Every year, the Minnesota Land Trust acknowledges a truly outstanding land steward who has taken the important step of protecting their land permanently with a conservation easement.
In many cases, these landowners go above and beyond, performing restoration work or partnering with Minnesota Land Trust to increase access to nature experiences through a program like Ambassador Lands. Recipients are typically presented their awards at the annual Treasured Places event in the fall.
Learn more below about the landowners who have been recognized in recent years.
2021 Dan and Cindy Rogers
When Dan and Cindy Rogers ponder the question, “What do you leave for those who follow in your footsteps?” their unequivocal response is “open spaces, free from development.”
The Rogers watched the slow, but steady creep of urban sprawl and the subdivision of large farms into 5- or 10-acre homesites near their hometown south of Bemidji. In 2004, they decided to take action and made the decision to protect their land forever.

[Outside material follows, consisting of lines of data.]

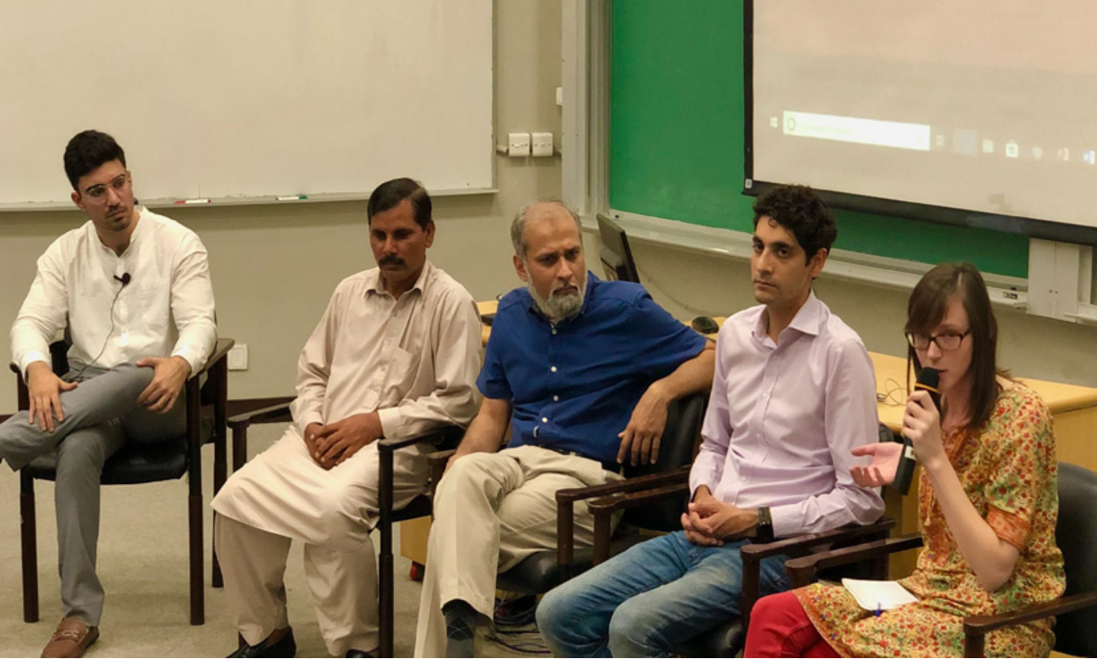
CBS and LUMS Environmental Action Forum (LEAF) panel talk on Toxic Air: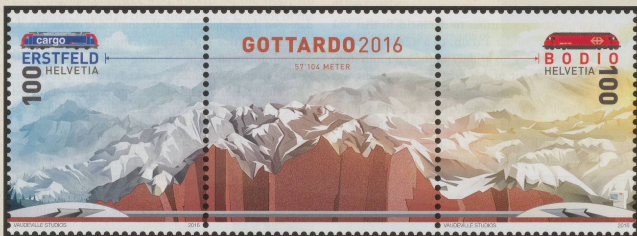
Stamp images reproduced with permission of SwissPost.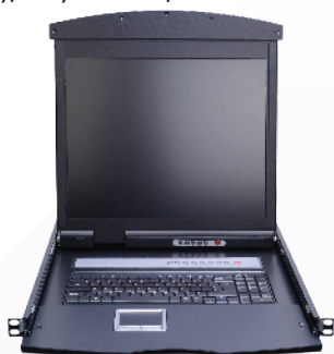
AL-DU1908L FRONT VIEW

In addition, the AL-DU1908L included an additional hot-pluggable USB port that supports other keyboard and mouse for back-up. With all of the technology involved, the AL-DU1908L LCD KVM Switch has gone beyond the expectations and requirements for a modern Data Center use, which including : short space optimization, exceptional display quality, easy to install, extreme versatility.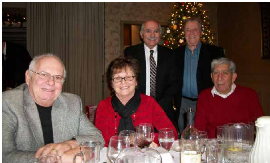
Members of Branch 308, Fresno, enjoyed a festive Christmas celebration.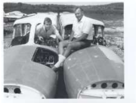
Old Aircraft Relics

They placed a conservation easement on much of their property and in subsequent years donated two additional easements, protecting more than 600 acres of beautiful landscape.
The large tracts of open fields, hardwood forests, and wetlands provide critical and needed habitat for species like black bear, wolf, white-tail deer, ruffed grouse, bluebirds, migratory waterfowl, shorebirds, and humans!
Dan’s profession as a science educator at the Red Lake Indian Reservation provides him opportunity to convey the value of open green space to his students. By offering outdoor experiences at the high school like camping, Nordic skiing, and hiking, Dan hopes to impart a strong connection to the land.
Both Cindy and Dan say they “feel a sense of gratitude” that they were able to protect beautiful land for future generations. They are especially proud that their grandchildren will be able to enjoy and love the land, just as they have.
2020 Florence and Carter Hedeen
Carter and Florence Hedeen have a deep reverence for nature that permeates their lives. For them the land is a place for reflection and rejuvenation, but you won’t find them sitting idle.
From planting thousands of trees, pulling invasive plants, and monitoring water quality, to their volunteer work on the North Country Trail and with the Land Trust, Carter and Florence lead an active life of service that honors their values. They even built their off-the-grid cabin themselves using locally sourced timber and recycled materials!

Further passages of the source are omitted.